With millions of acres of land susceptible to water and
wind erosion, methods to overcome these losses are very
vital. Therefore, much research has gone into solving this
problem but much of this has been devoted to studying the
measures that affect run-off with its subsequent nutrient
and soil losses. These measures include level terracing,
contour surface planting, contour listing, and more recently,
mulch tillage methods. Unfortunately, not much has been
done to relate erosion control measures to crop yields.

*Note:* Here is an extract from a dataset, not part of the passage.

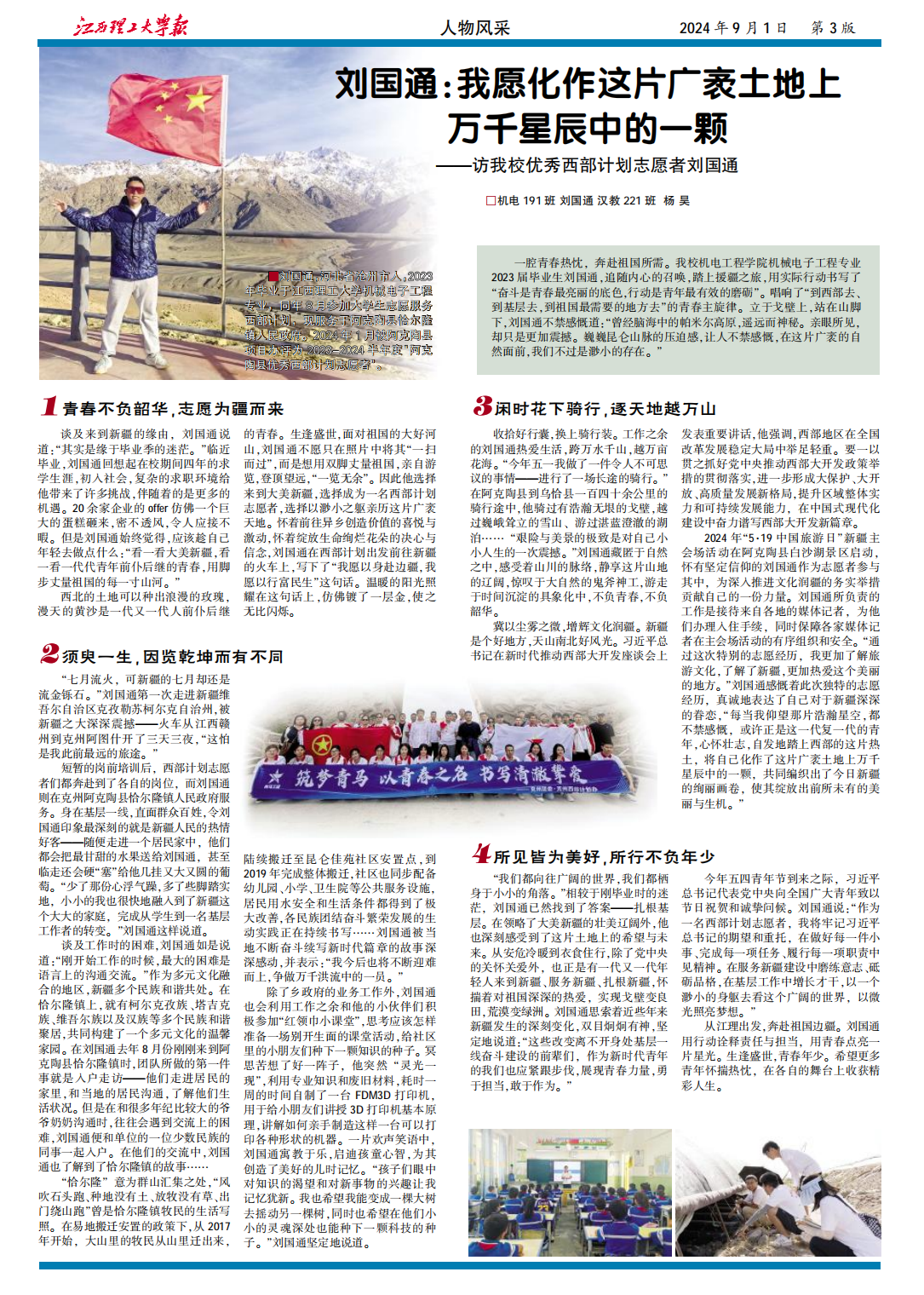 从江理出发,奔赴祖国边疆。刘国通用行动诠释责任与担当,用青春点亮一片星光。生逢盛世,青春年少。希望更多青年怀揣热忱,在各自的舞台上收获精彩人生。
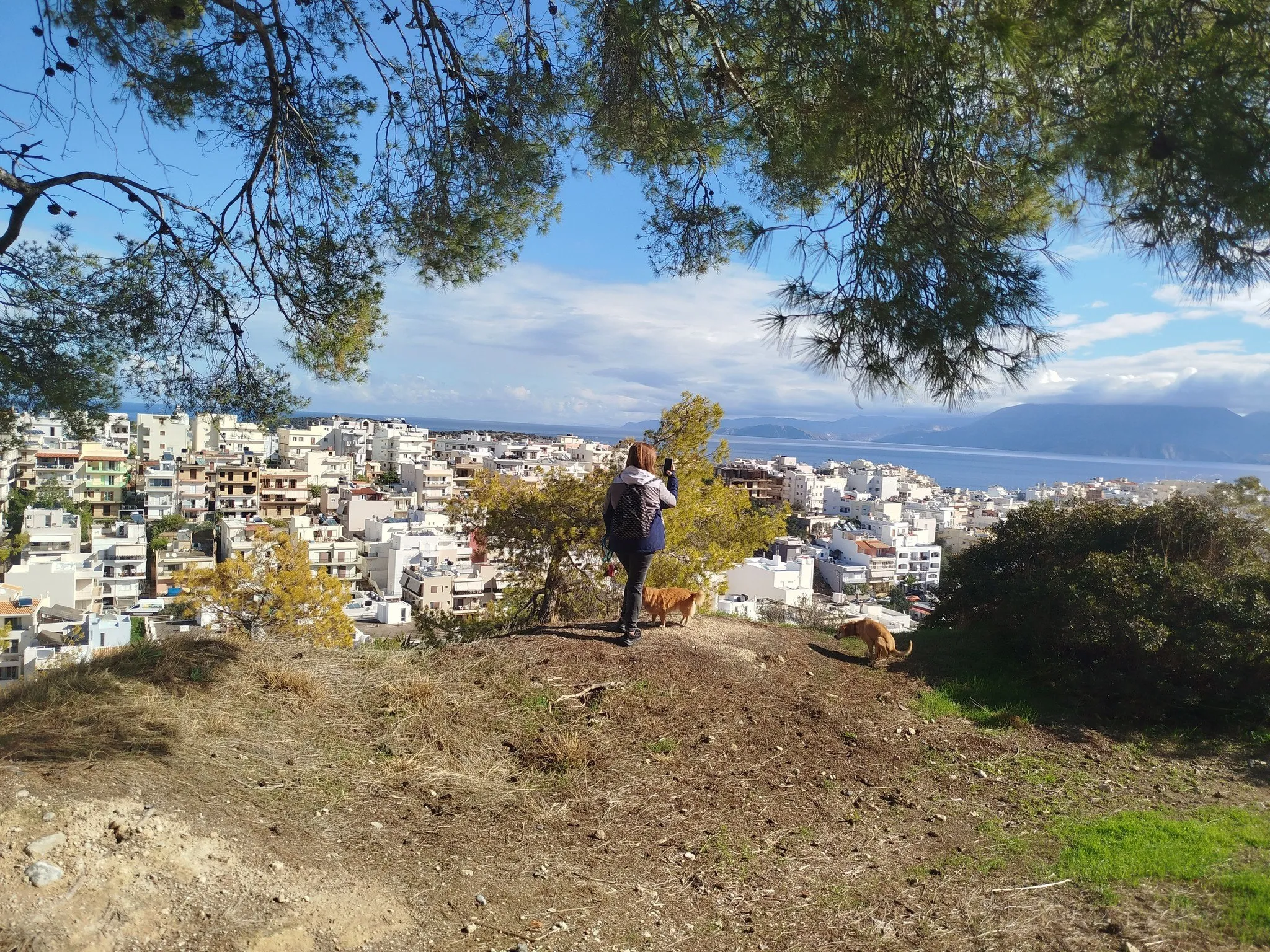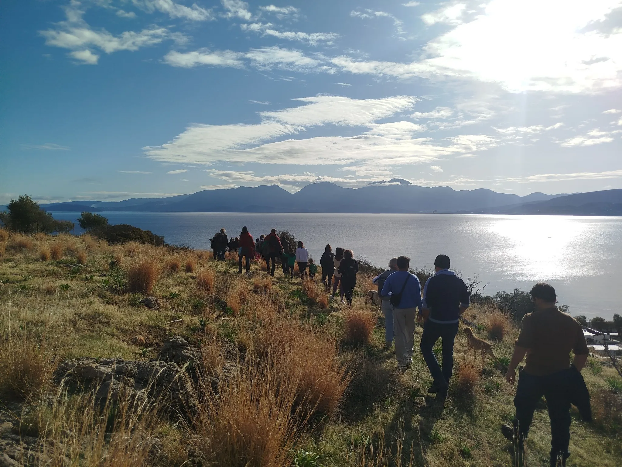With our guide, the veteran club member Leonidas Klontzas—who knows the city like the back of his hand—we started at the familiar meeting point outside the AB Supermarket. Heading southeast, we ascended Nomia Hill. The rain-soaked grass and puddles from the previous night’s downpour sparkled under the bright morning sun, creating a magical atmosphere. From this vantage point, we enjoyed stunning views of the Mirabello Bay and the mist-shrouded peaks of the Lasithi and Thripti mountains.

It must also be strongly emphasized that complex interrelationships
among factors and interactions of factors determine
crop yields. Any yield prediction model which does
not incorporate factors other than the one being studied
is inadequate and incomplete.
Though erosion control is possible through the manipulation
of land cover, slope length, and degree of slope, the
effects of these factors on soil losses depend on other controlled
and uncontrolled factors such as management, environment,
weather, and soil properties. In most of the erosion
control studies, however, these other yield-influencing
factors were either held constant or disregarded.